Running R, Julia, Python in Docker

Many of the examples one can find on the Internet sees container used in conjunction with open-source languages. For most statistical and other languages, in particular open-source languages, progress is continuous. In part what attracts researchers to these environments is the rich eco-system of add-on packages and libraries, most of which are available for free as well. However, combining versions of languages, packages, and dependencies to those packages can be a challenge. Use of these can sometimes be tedious - and not easily reproducible - because of a constantly evolving environment and very active development. Various methods exist to “pin” packages used (see renv, checkpoint and others in R, “environments”, pip freeze or conda env export in Python, Manifest.toml files and package environments in Julia). These rely, of course, not just on the ability to install the right packages, but also the right base software. In some cases, it can be challenging for users to install multiple base versions simultaneously on their computers - either because they work on multiple projects on their own at different times, or in collaborations with others. This is sometimes necessitated by changes that create breaks between versions (examples include changes in random number generators in Julia and certain breaks in R when version 4.0 was introduced). Programmatic solutions for this exist, of course, but add complexity to an often complex set of programs.

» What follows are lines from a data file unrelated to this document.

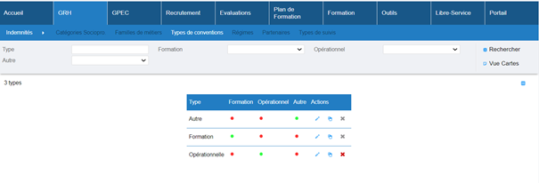 Le type de convention : ces typologies sont paramétrables dans l’écran « GRH > Indemnités > Types de conventions » (nécessite le module « Convention-Employeurs ») ;
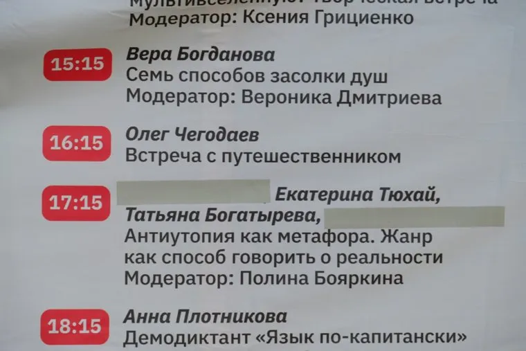 Правозащитницу Еву Меркачеву, писательницу Ольгу Птицеву и главного редактора издательства «Альпина нон-фикшн» Павла Подкосова вычеркнули из программы «Красной строки». Спикеры должны были вступать на фестивале в Екатеринбурге в эти выходные. Массовую отмену выступлений литераторов заметил общественник Владислав Постников.
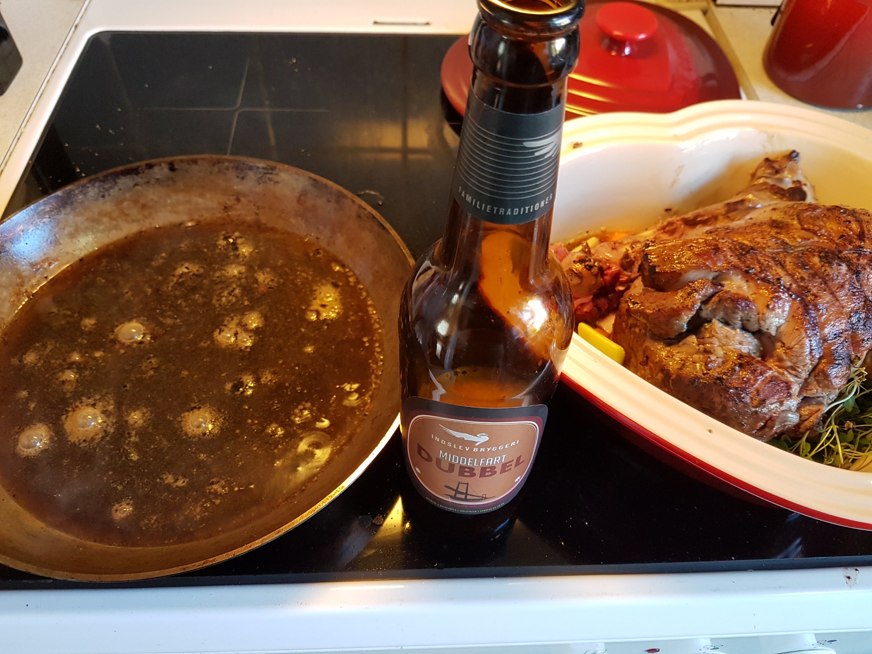 20180330_1125471325011118.jpg 30/03/2018 at 3000 × 2250 Panden blev kogt af med hønsefond og Middelfart Dubbel fra indslev Bryggeri.

Thankfully, that same open-source community has also provided containers that lock in some of the base software versions, facilitating the simultaneous maintenance of multiple versions of the same software. We illustrate this with an example that we have used in some reproducibility cases with R. It addresses the particular use case of having multiple versions of R, but does not pin the particular package versions. See the tutorials for renv and checkpoint for even finer control.

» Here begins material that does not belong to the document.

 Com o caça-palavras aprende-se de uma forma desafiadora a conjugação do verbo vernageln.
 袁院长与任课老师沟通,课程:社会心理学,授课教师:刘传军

A Really Simple Example with R

To start, we identify from instructions provided by the author both the version of R and the required packages. From the required packages, we use a standard setup program and add those libraries to the list of dependencies.7 We then leverage the R Docker images maintained by the Rocker group, and build a custom R Docker image that should have all dependencies as articulated by the authors:

  • Dockerfile:
FROM rocker/r-ver:4.0.1

COPY setup.R .
RUN Rscript setup.R

That’s already all there is to creating a Docker image! Of course, it now needs to be built:8

DOCKER_BUILDKIT=1 docker build . -t $MYHUBID/$MYIMG:$TAG

where I have previously configured some environment variables for ease of notation and reference:

TAG=v$(date +%F)
MYIMG=aer-9999-8888
MYHUBID=aeadataeditor

This locks in our R environment, at the time of building ($TAG). It is then straightforward to run the authors’ code, reliably, over and over again:

cd path/to/code
docker run -it --rm -v $(pwd)/subdir:/code -w /code $MYHUBID/${MYIMG}:$TAG Rscript main.R

Note that for each project, we can specify a different R version (rocker/r-ver:4.0.1), and we can even, for the same project, test the reproducibility with multiple R versions, by building multiple images (we might need to refine our tagging for that to work).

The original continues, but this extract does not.